Exercise objective —
Take the entries below and print, exactly, the stretch from the line containing "Kevin O'Ryan of" through the line containing "This coaster is", both included.
::::::
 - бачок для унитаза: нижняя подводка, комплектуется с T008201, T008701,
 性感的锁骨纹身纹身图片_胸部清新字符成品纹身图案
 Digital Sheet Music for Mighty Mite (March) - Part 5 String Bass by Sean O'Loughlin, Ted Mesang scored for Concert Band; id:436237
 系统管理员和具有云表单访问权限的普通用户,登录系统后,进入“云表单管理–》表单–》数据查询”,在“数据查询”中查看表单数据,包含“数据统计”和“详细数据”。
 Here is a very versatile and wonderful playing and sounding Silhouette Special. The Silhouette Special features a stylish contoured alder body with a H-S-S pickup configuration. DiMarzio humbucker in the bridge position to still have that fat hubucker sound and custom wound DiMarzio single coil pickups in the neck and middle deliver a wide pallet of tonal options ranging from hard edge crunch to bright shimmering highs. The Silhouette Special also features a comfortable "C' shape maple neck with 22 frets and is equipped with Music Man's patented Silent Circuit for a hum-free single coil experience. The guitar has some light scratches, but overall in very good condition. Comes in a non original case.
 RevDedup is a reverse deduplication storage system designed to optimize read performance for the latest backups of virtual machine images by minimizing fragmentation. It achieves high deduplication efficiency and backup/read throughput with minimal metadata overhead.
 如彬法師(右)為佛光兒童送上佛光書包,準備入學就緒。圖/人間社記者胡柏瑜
::::::
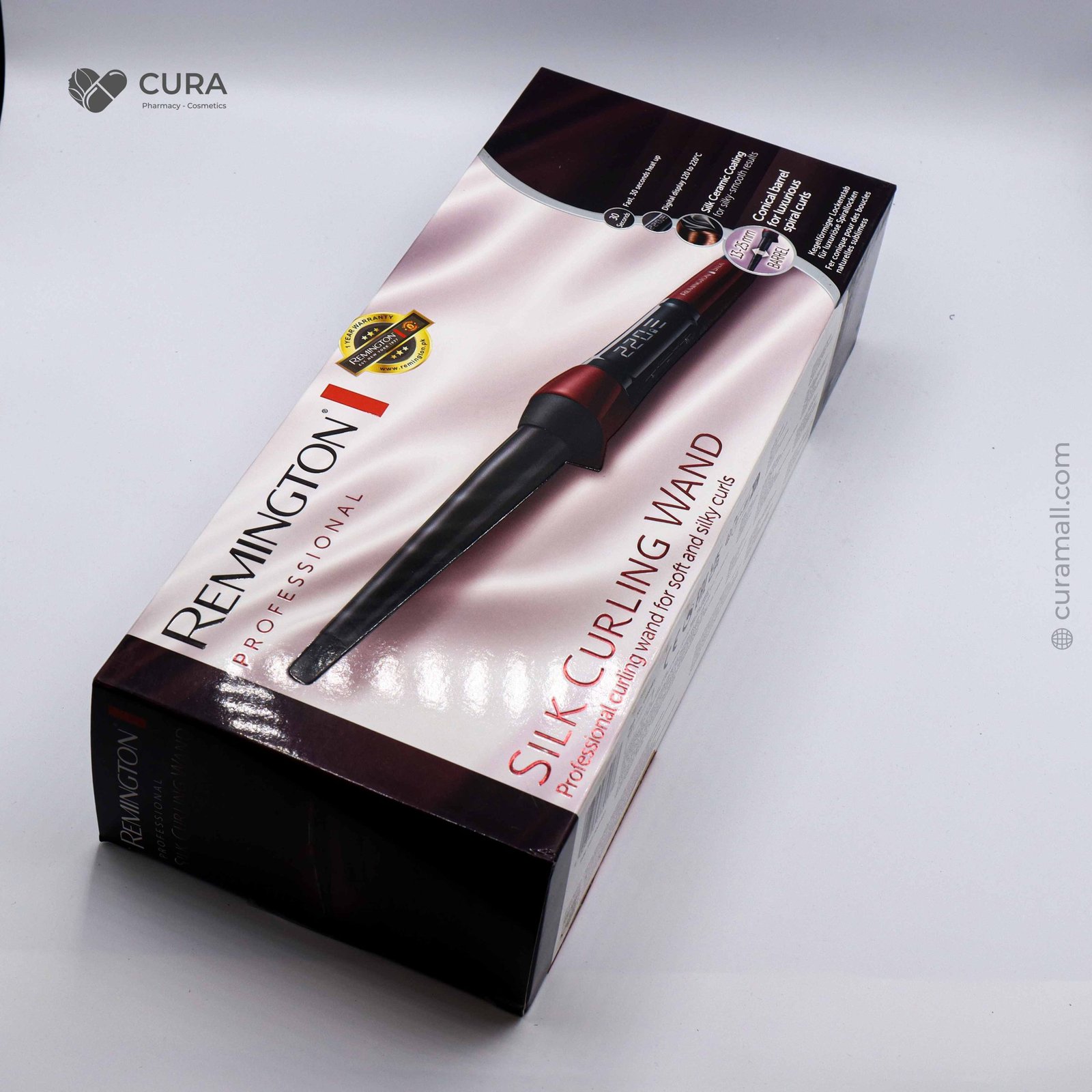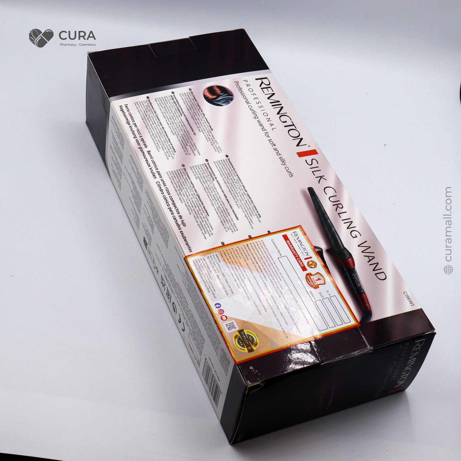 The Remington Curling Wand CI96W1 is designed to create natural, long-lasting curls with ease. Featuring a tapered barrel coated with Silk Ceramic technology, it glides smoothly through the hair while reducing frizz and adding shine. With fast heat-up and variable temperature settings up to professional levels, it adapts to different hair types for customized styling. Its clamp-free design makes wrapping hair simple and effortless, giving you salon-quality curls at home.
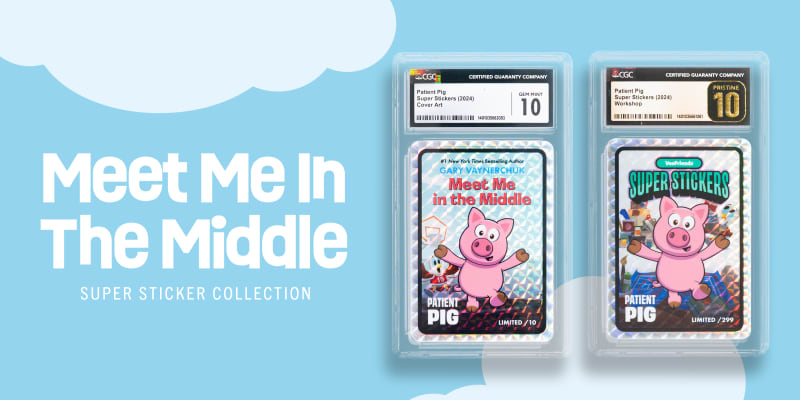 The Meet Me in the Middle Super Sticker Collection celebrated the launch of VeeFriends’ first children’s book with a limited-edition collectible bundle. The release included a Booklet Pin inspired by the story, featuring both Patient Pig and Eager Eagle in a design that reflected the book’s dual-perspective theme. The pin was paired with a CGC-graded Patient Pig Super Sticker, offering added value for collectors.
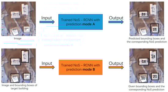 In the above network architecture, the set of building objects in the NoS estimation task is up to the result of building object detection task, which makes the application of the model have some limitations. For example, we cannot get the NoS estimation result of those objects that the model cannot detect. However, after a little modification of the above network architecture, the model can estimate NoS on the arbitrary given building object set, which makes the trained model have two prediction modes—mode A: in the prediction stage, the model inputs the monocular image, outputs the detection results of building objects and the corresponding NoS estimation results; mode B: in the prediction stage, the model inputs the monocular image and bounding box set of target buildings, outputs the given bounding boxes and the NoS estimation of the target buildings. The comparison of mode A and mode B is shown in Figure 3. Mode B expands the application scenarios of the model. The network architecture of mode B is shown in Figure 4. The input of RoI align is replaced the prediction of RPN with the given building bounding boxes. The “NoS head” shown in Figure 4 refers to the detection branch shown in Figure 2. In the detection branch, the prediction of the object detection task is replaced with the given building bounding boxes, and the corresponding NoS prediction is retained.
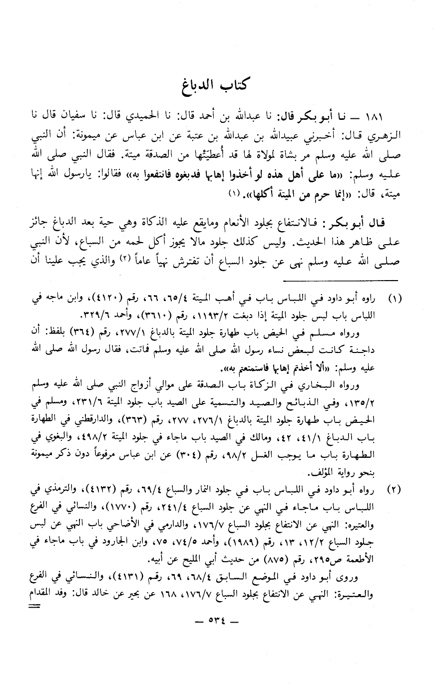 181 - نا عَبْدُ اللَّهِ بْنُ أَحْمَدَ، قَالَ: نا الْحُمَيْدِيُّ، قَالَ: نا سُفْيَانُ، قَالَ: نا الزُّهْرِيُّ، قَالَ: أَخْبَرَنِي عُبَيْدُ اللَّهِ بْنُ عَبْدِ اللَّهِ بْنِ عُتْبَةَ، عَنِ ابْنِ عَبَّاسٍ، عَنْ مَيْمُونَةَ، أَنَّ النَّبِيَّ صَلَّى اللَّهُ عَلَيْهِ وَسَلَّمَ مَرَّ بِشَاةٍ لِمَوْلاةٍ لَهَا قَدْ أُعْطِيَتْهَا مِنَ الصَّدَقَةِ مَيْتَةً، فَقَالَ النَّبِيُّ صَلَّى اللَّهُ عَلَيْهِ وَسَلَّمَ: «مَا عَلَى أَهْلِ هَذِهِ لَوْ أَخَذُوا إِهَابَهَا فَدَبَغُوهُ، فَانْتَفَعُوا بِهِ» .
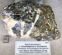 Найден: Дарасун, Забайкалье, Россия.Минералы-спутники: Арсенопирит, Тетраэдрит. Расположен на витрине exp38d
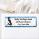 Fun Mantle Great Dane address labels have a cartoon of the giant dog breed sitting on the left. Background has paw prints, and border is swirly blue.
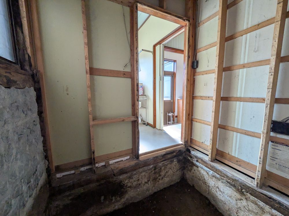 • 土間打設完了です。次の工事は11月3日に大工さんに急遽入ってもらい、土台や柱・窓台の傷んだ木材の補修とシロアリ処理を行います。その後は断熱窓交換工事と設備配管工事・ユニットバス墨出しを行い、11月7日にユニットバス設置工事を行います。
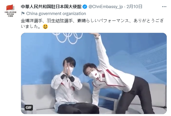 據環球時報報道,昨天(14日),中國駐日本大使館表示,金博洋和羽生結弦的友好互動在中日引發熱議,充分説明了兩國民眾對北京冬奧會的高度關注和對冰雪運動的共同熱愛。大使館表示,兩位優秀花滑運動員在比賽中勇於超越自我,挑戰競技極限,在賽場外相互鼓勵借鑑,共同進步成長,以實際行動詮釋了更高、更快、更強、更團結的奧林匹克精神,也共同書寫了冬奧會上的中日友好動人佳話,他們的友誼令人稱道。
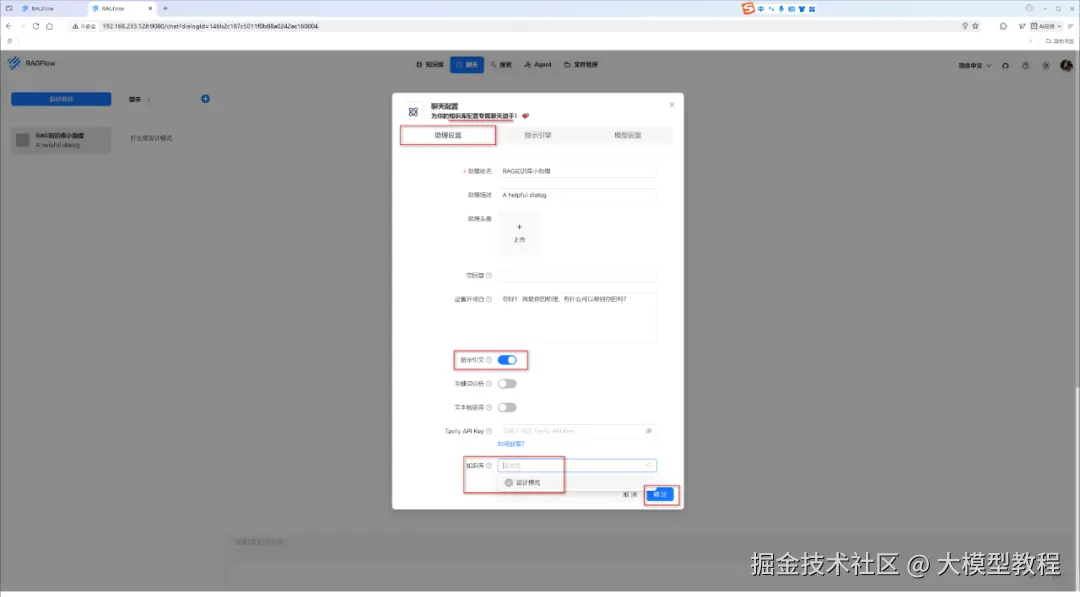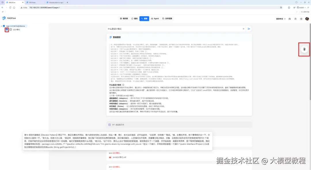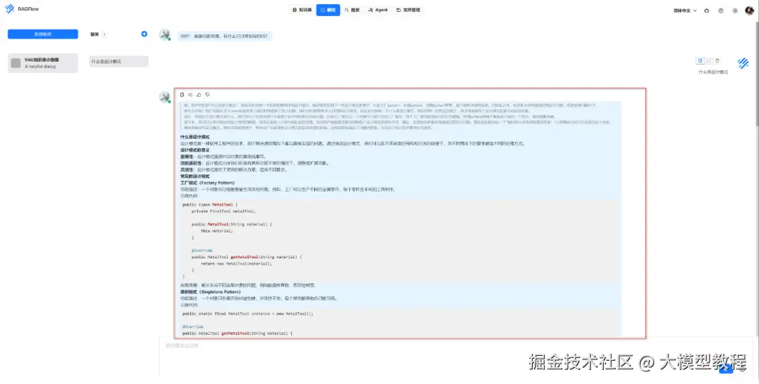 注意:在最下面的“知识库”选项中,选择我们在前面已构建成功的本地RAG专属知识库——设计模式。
::::::
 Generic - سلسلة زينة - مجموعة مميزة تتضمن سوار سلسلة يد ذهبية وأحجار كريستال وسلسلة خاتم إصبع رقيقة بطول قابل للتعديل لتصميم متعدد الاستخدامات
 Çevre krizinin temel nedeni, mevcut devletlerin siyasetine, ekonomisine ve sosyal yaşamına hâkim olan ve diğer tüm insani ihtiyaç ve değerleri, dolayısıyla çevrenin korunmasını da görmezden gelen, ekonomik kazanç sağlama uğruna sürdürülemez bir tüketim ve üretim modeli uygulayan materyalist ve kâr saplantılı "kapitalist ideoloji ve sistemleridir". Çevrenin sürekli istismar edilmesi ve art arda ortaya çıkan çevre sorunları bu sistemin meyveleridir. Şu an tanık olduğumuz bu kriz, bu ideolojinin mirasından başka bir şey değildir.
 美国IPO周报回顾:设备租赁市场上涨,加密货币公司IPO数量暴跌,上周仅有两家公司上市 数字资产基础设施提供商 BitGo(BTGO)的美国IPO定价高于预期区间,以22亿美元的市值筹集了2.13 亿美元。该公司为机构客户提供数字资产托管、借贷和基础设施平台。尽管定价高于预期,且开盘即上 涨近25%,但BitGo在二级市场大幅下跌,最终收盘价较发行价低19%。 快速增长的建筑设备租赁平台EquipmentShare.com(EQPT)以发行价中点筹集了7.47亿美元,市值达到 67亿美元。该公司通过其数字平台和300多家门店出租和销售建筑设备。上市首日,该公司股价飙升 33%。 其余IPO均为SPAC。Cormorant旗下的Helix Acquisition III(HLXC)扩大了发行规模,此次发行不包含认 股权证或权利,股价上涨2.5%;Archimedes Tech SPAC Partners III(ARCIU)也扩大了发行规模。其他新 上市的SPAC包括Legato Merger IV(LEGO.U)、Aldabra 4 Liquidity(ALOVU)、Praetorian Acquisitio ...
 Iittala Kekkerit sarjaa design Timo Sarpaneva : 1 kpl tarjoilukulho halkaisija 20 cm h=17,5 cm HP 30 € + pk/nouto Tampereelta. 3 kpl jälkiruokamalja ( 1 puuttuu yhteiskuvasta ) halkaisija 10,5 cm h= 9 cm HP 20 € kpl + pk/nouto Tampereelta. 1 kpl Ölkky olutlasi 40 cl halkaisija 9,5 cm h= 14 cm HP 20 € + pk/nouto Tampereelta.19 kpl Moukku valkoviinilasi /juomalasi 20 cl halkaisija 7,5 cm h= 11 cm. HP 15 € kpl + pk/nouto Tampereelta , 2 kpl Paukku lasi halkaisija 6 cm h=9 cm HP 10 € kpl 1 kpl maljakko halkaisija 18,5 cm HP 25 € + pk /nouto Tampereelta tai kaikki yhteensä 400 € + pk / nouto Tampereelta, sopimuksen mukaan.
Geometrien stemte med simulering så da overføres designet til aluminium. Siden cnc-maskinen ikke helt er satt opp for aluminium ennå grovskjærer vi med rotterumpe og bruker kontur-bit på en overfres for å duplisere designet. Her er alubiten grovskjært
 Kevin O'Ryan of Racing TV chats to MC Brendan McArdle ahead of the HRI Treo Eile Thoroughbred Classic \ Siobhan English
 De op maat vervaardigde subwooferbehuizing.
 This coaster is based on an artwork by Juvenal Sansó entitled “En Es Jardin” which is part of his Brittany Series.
::::::
Your solution —
 Kevin O'Ryan of Racing TV chats to MC Brendan McArdle ahead of the HRI Treo Eile Thoroughbred Classic \ Siobhan English
 De op maat vervaardigde subwooferbehuizing.
 This coaster is based on an artwork by Juvenal Sansó entitled “En Es Jardin” which is part of his Brittany Series.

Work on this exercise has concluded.